Q & A: Kennel cough

Q: What are the symptoms of kennel cough, and how can I treat it?

A: Kennel cough is an infectious bronchitis of dogs that is caused by various infectious agents ranging from viruses to bacteria. Dogs with kennel cough are usually alert and still eating, but have a harsh, hacking cough that sounds like they have something stuck in their throat. This uncomplicated form of kennel cough is usually mild and brief, lasting one to two weeks, and does not warrant treatment.

If coughing is really irritating the dog or the owner, cough suppressants can be dispensed by a vet. These dogs should show improvement, if not cure, after one week.

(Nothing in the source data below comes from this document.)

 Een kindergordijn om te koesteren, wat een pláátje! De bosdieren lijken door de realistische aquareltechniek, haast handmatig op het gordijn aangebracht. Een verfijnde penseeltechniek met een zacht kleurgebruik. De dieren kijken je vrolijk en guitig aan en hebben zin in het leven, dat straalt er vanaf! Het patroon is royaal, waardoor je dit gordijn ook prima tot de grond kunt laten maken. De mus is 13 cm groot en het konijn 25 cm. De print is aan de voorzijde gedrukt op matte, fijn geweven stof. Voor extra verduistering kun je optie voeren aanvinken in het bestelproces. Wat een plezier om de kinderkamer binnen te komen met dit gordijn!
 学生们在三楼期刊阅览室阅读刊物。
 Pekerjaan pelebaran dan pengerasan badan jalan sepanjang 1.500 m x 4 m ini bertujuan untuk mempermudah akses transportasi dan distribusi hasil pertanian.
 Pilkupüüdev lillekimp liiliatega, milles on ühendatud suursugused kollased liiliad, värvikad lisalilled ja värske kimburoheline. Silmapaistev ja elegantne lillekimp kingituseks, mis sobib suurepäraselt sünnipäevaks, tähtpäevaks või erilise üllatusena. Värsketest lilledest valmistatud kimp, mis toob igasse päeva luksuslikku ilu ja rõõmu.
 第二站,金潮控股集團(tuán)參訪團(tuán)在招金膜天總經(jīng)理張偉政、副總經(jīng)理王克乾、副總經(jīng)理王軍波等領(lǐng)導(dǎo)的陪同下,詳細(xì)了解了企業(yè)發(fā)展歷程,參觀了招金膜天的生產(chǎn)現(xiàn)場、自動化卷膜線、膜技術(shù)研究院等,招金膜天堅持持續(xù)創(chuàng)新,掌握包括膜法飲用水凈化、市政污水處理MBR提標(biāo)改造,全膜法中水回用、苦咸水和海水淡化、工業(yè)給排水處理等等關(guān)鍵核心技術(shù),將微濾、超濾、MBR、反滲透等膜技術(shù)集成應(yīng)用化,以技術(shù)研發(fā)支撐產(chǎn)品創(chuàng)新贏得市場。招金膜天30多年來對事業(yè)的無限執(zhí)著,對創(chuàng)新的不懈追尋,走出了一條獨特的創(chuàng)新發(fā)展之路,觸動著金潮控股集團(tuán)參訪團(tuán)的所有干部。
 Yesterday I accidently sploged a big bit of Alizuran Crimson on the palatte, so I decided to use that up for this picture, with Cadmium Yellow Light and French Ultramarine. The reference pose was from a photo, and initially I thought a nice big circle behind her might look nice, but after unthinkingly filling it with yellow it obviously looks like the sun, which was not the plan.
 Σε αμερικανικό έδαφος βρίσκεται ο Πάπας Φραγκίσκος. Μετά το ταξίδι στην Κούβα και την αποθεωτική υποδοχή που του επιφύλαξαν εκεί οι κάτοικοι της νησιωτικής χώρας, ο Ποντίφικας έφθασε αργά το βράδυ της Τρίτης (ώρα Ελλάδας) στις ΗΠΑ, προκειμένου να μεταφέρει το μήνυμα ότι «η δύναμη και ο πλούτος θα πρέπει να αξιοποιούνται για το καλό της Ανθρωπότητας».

In some cases, the kennel cough can progress to a life-threatening pneumonia. This usually occurs if the dog’s immune system is not strong and/or a virulent infectious agent is involved. These dogs will be listless, not eating and may have a fever; they are generally very sick and need to be taken to a vet as soon as possible.

Vaccinations against kennel cough are available, but they do not cover all the potential causative agents, so it can minimise symptoms of illness, and may not entirely prevent infection. It takes four days to generate a good immune response after the vaccination, so it is important to vaccinate at least four days prior to the expected exposure.

The vaccination will not help the dog if he is already incubating the disease.